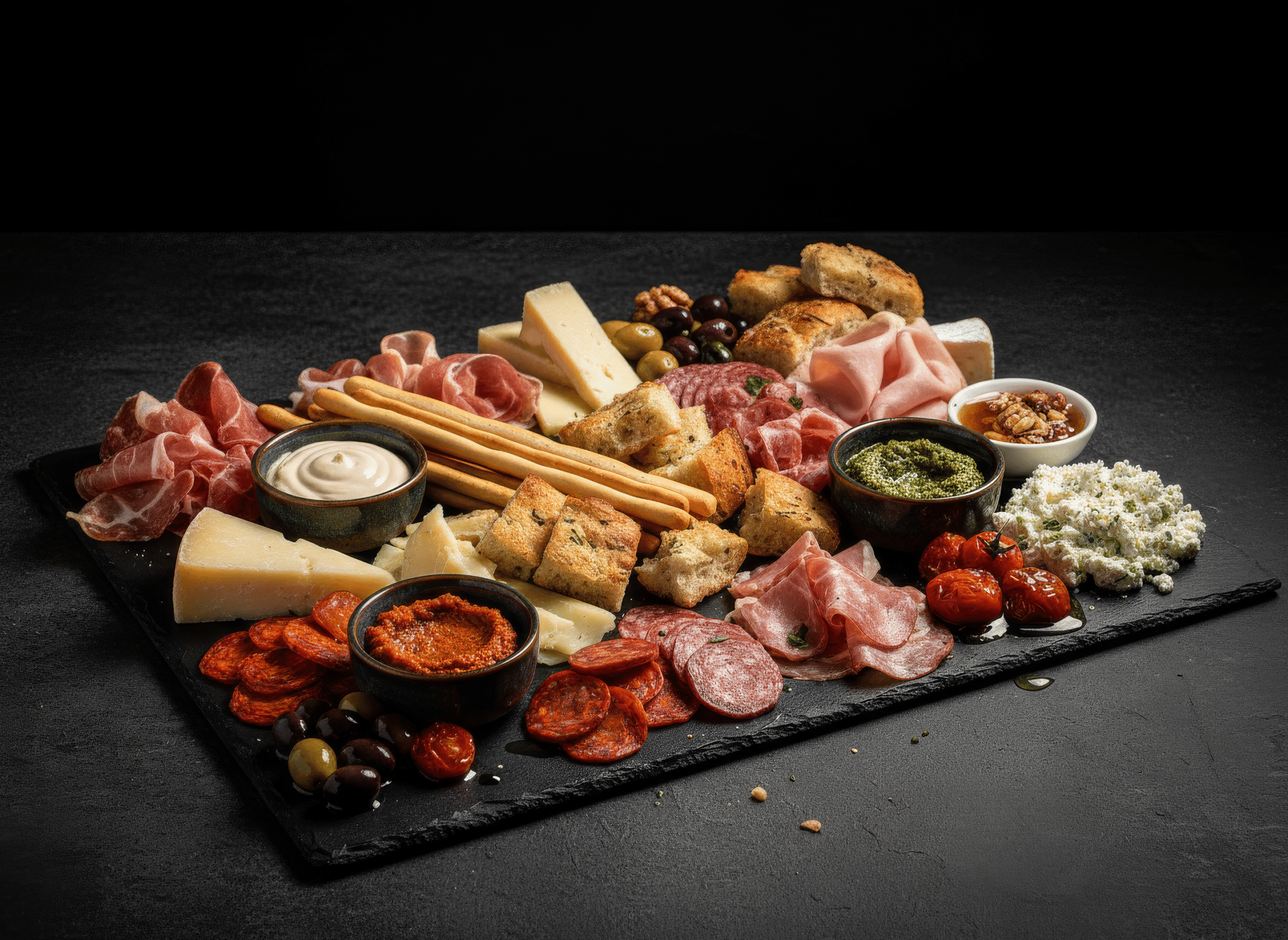 Et utvalg av italiensk spekemat og ost, servert med grissini, crostini og hjemmelagd focaccia – med pesto, tomatpesto, fetaostkrem, confit cherrytomater, urtemarinerte oliven, trøffelmajones og honning med nøtter.
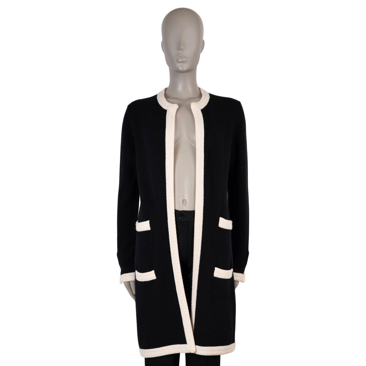 authentic Chanel knit coat is crafted in black cashmere (100%) with contrasting cream trim for a timeless two-tone effect. Designed in a relaxed, knee-length silhouette, it features four functional pockets and buttoned cuffs, combining practicality with refined elegance. The open-front style and unlined finish highlight the luxurious softness of cashmere, making it a versatile layering piece that embodies Chanel’s effortless sophistication. Has been worn and are in excellent condition. 2004 Fall/WinterMeasurementsModel04A P24406 W03385 B2580Tag Size42SizeLShoulder Width47cm (18.3in)Bust From110cm (42.9in)Waist From96cm (37.4in)Hips From112cm (43.7in)Length95cm (37.1in)Side Seam Length73cm (28.5in)Sleeve Length66cm (25.7in)All our listings include
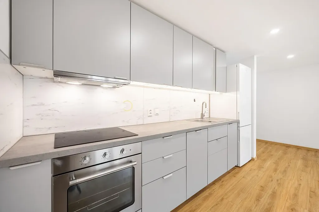 Byt nabízí plně vybavenou kuchyňskou linku, dřevěnou plovoucí podlahu, dřevěná okna se žaluziemi.
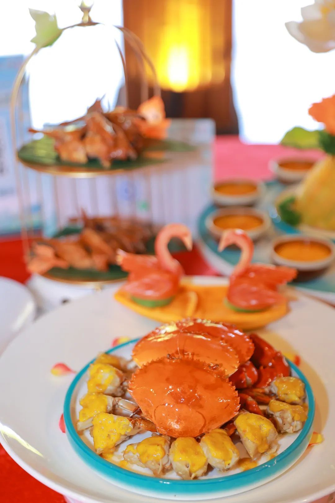 在南沙水鸟世界泰国馆内,还有十几个摊位也在现场摆摊卖货,万顷沙木瓜、新垦莲藕、百香果、一点红番薯……各种当地特产都能亲眼看到、亲手挑到,参加这场竞技大赛的市民们不仅能吃到美味疍家菜,还能将万顷沙食材带回家,同时还有咸水歌表演中可以欣赏,可谓是一场疍家文化的盛宴。
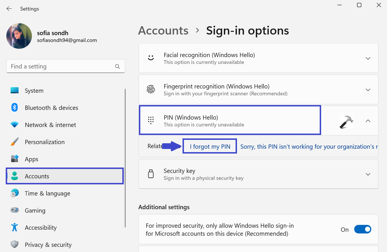 2. Accédez aux options de connexion. Dans la section PIN, cliquez sur « J'ai oublié mon code PIN ».
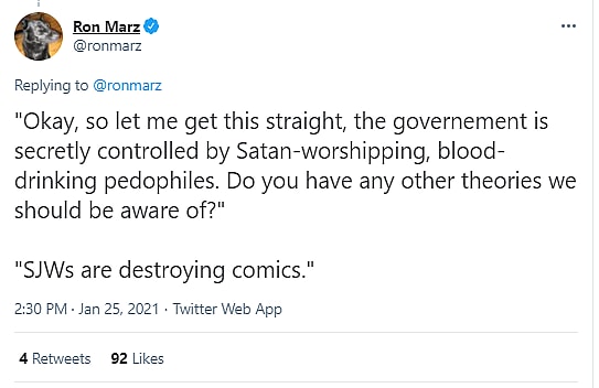 He added, “Okay, so let me get this straight, the government is secretly controlled by Satan-worshipping, blood-drinking pedophiles. Do you have any other theories we should be aware of?’”
----
# Exercise:
Give the data again word for word, without pictures.

# Answer space:
 Et utvalg av italiensk spekemat og ost, servert med grissini, crostini og hjemmelagd focaccia – med pesto, tomatpesto, fetaostkrem, confit cherrytomater, urtemarinerte oliven, trøffelmajones og honning med nøtter.
 authentic Chanel knit coat is crafted in black cashmere (100%) with contrasting cream trim for a timeless two-tone effect. Designed in a relaxed, knee-length silhouette, it features four functional pockets and buttoned cuffs, combining practicality with refined elegance. The open-front style and unlined finish highlight the luxurious softness of cashmere, making it a versatile layering piece that embodies Chanel’s effortless sophistication. Has been worn and are in excellent condition. 2004 Fall/WinterMeasurementsModel04A P24406 W03385 B2580Tag Size42SizeLShoulder Width47cm (18.3in)Bust From110cm (42.9in)Waist From96cm (37.4in)Hips From112cm (43.7in)Length95cm (37.1in)Side Seam Length73cm (28.5in)Sleeve Length66cm (25.7in)All our listings include
 Byt nabízí plně vybavenou kuchyňskou linku, dřevěnou plovoucí podlahu, dřevěná okna se žaluziemi.
 在南沙水鸟世界泰国馆内,还有十几个摊位也在现场摆摊卖货,万顷沙木瓜、新垦莲藕、百香果、一点红番薯……各种当地特产都能亲眼看到、亲手挑到,参加这场竞技大赛的市民们不仅能吃到美味疍家菜,还能将万顷沙食材带回家,同时还有咸水歌表演中可以欣赏,可谓是一场疍家文化的盛宴。
 2. Accédez aux options de connexion. Dans la section PIN, cliquez sur « J'ai oublié mon code PIN ».
 He added, “Okay, so let me get this straight, the government is secretly controlled by Satan-worshipping, blood-drinking pedophiles. Do you have any other theories we should be aware of?’”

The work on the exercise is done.